◆ **Assignment**
Your answer should hold exactly the lines below from the line with "Across the full" through the line with "Во время использования", both included, and no pictures at all.

◆ **The input**
=== Section Start ===
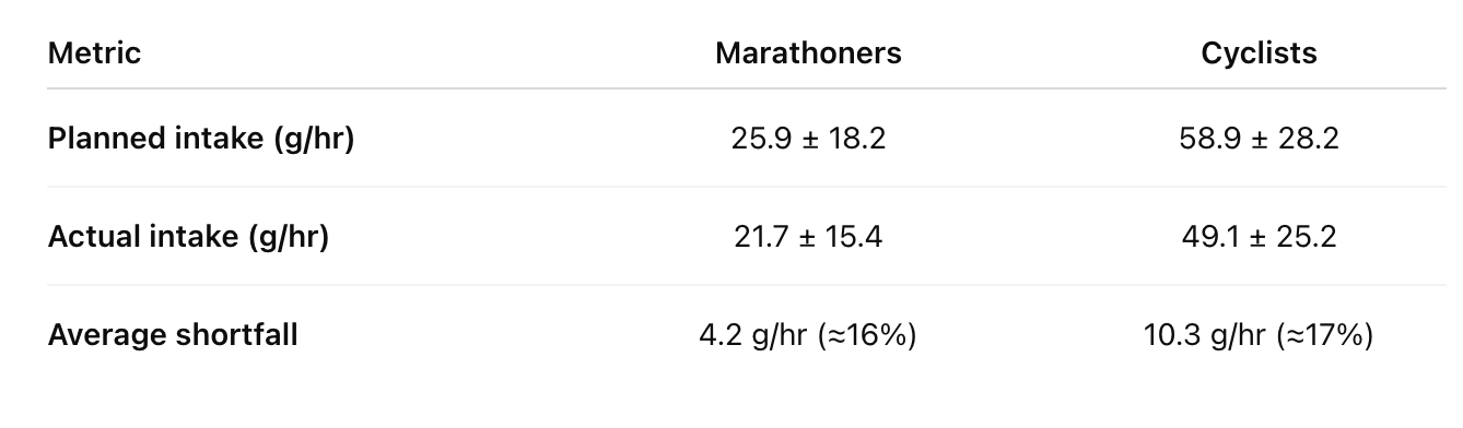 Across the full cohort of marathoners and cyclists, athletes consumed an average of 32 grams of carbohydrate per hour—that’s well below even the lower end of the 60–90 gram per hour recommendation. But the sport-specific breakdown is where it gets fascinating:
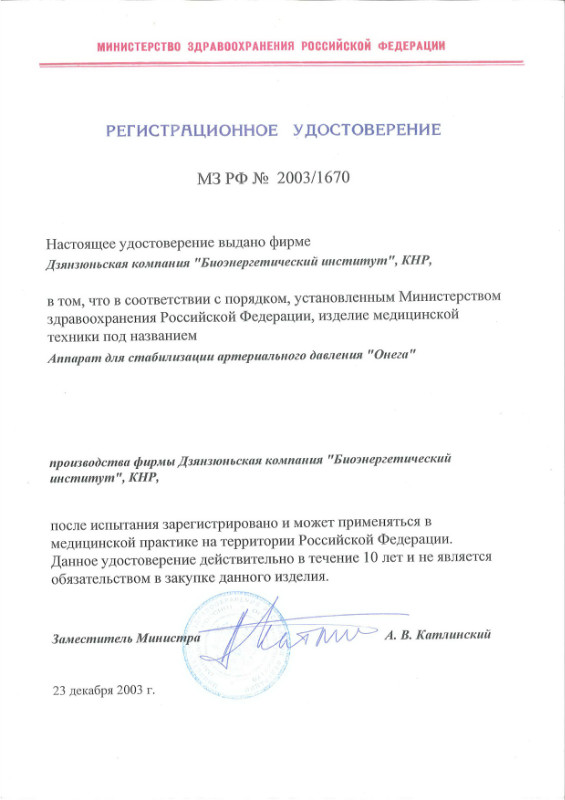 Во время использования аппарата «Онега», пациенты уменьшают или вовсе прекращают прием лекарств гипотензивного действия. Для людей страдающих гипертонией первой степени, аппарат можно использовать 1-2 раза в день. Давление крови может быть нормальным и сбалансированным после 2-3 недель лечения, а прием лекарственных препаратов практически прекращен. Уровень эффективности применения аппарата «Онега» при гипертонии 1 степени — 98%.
=== Section End ===
=== Section Start ===
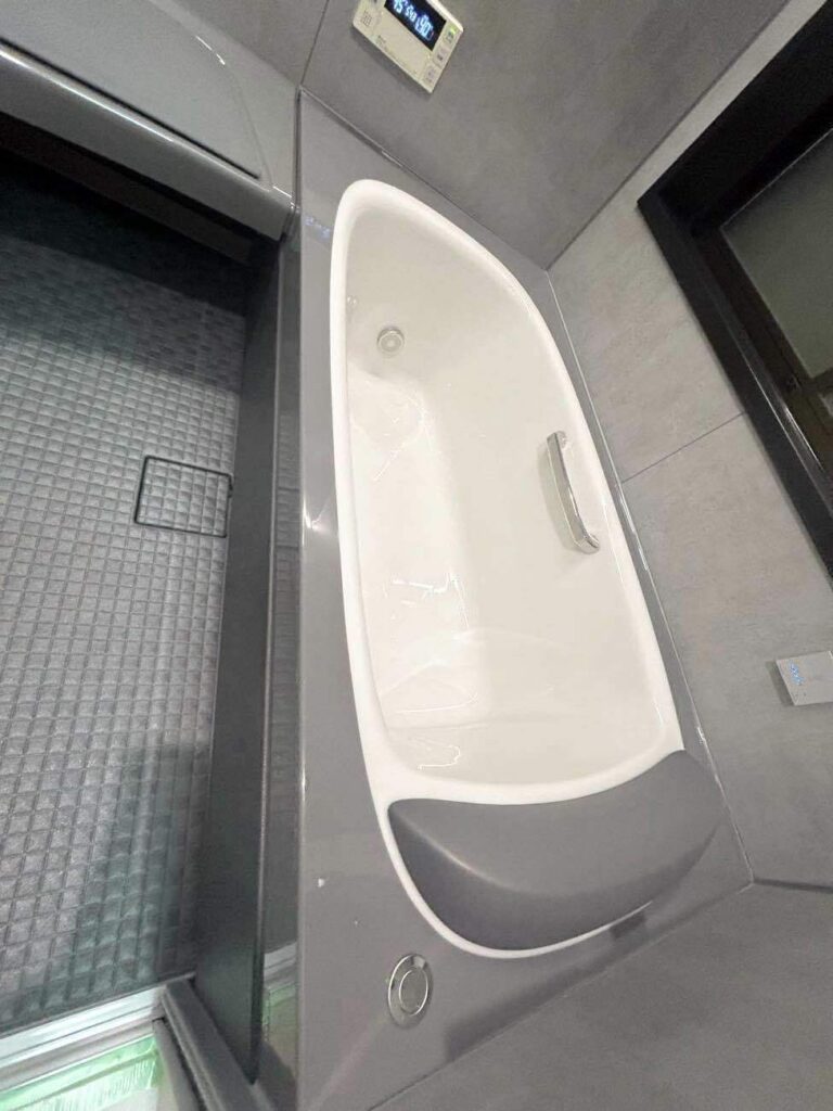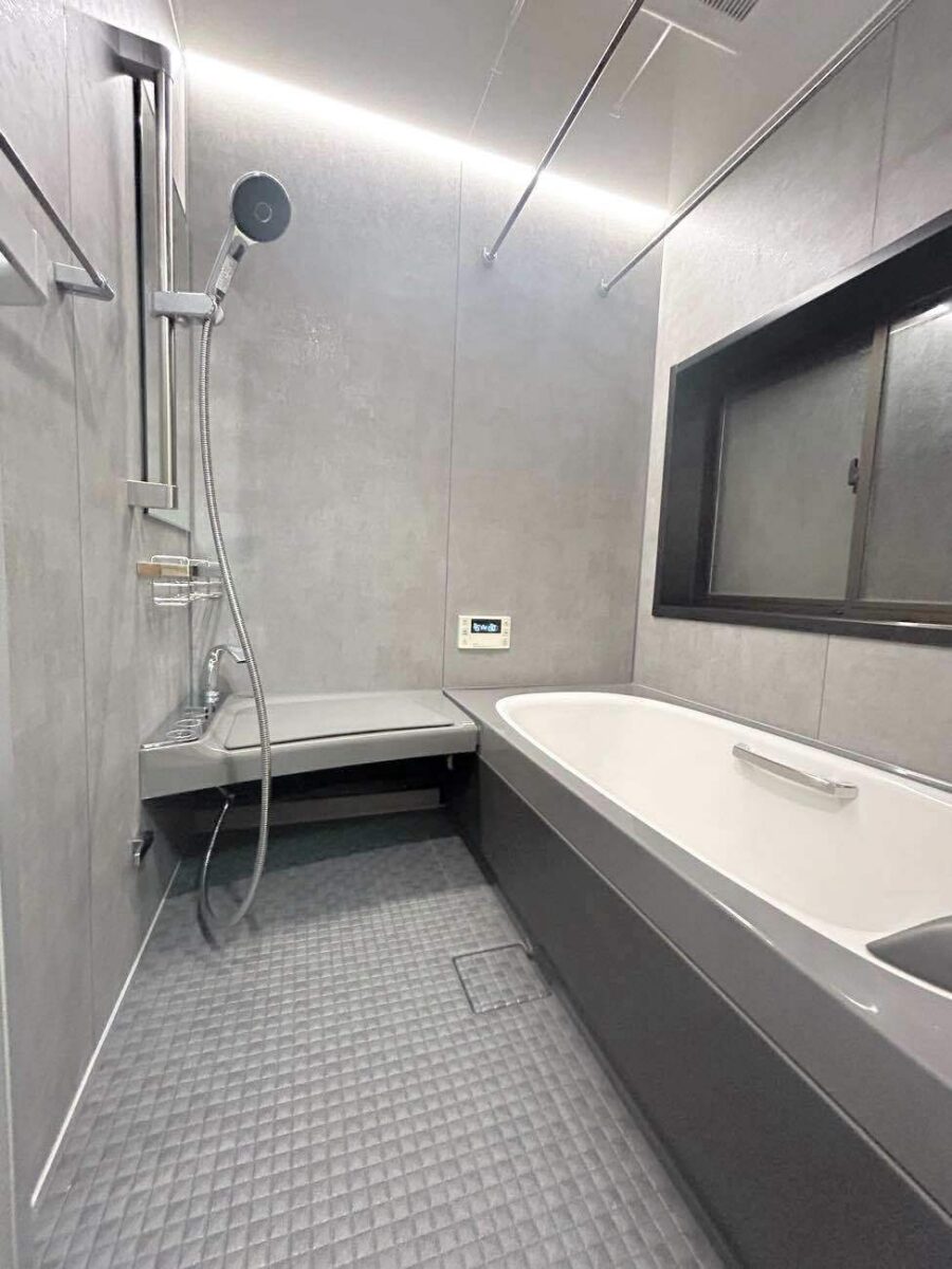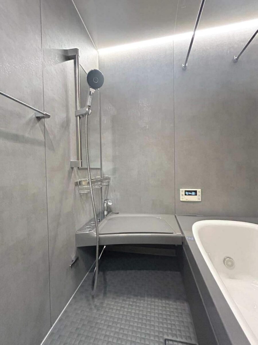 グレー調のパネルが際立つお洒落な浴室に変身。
=== Section End ===
◆ **Your response**
 Across the full cohort of marathoners and cyclists, athletes consumed an average of 32 grams of carbohydrate per hour—that’s well below even the lower end of the 60–90 gram per hour recommendation. But the sport-specific breakdown is where it gets fascinating:
 Во время использования аппарата «Онега», пациенты уменьшают или вовсе прекращают прием лекарств гипотензивного действия. Для людей страдающих гипертонией первой степени, аппарат можно использовать 1-2 раза в день. Давление крови может быть нормальным и сбалансированным после 2-3 недель лечения, а прием лекарственных препаратов практически прекращен. Уровень эффективности применения аппарата «Онега» при гипертонии 1 степени — 98%.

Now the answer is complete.